- Born: Pedro Adolfo Francisco de Matheu Montalvo 5 June 1900 Santa Ana, El Salvador
- Died: 22 April 1965 (aged 64) Madrid, Spain
- Occupation: Artist

= Pedro de Matheu =

Salvadoran artist

Pedro "Pierre" Adolfo Francisco de Matheu Montalvo (5 June 1900 - 22 April 1965) was a Salvadoran artist. Born in Santa Ana, he moved to Europe with his family at the age of three. By the 1920s, he studied at the École des Beaux-Arts and worked in the workshops of painters Claudio Castelucho and Alexander Altmann. His artwork was exhibited in multiple museums in France before moving back to Spain. His work was part of the art competition at the 1932 Summer Olympics.

==Biography==
Pedro "Pierre" Adolfo Francisco de Matheu Montalvo was born on 5 June 1900 in Santa Ana, El Salvador. His father, Pedro Jaime de Matheu Salazar, was the El Salvadorian ambassador to Spain and a member of the International Olympic Committee. de Matheu's cousin was Manuel de Falla, a Spanish musician.

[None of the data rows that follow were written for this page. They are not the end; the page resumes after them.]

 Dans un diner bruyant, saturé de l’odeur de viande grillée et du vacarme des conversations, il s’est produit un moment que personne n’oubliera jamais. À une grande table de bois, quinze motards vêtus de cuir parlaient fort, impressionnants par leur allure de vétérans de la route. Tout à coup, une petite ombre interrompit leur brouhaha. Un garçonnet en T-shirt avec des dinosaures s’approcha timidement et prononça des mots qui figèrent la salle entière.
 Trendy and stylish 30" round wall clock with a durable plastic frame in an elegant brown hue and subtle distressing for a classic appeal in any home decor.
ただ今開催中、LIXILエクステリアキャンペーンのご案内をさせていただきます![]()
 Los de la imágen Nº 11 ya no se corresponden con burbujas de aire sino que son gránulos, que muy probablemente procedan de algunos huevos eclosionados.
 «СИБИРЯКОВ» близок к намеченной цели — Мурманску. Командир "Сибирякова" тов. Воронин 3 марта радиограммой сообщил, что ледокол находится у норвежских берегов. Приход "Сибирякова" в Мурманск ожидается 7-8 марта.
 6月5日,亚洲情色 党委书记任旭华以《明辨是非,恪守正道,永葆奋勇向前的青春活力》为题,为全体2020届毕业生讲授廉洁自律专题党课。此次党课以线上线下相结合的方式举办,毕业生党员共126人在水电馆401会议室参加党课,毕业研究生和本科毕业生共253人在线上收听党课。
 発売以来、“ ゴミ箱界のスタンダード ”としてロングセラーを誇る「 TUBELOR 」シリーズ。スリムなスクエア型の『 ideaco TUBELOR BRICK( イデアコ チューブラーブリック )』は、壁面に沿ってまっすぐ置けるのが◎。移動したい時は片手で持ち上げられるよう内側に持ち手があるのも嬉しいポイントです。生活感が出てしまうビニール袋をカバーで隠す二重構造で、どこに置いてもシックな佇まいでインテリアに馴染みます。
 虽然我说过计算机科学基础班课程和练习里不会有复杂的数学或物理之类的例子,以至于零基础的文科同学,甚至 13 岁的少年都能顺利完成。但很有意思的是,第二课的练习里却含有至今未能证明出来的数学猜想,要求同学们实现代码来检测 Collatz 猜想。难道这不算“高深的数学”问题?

At the age of three, de Matheu and his family moved to Europe and would live there for the rest of his life. For his education in the 1920s, he studied at the École des Beaux-Arts in Paris, France. He divided his time living in France and in Spain, where most of his family resided. In addition to his own studio, he worked in the workshops of painters Claudio Castelucho and Alexander Altmann. From 1923 to 1925, de Matheu's own art was exhibited in multiple museums such as the Maison de L'Amérique latine, Palais Galliera, and Galeries Georges Petit. In 1927, he moved to Spain permanently, living in Puerto Real.

Outside of painting, he also practiced interior design. For the 1932 Summer Olympics held in Los Angeles, United States, he submitted four works for the art competitions. Though, it is unknown whether his works were paintings or a different medium.

In 1941, his art was exhibited in El Salvador for the first time, doing so in the Ministry of Foreign Affairs' gallery. In 1950, he met fellow Salvadorian artist Carlos Cañas in Paris and befriended him. Four years later, de Matheu visited El Salvador for the first time since he was three to hold another exhibition, doing so in San Salvador. He later died on 22 April 1965 in Madrid, Spain, at the age of 66.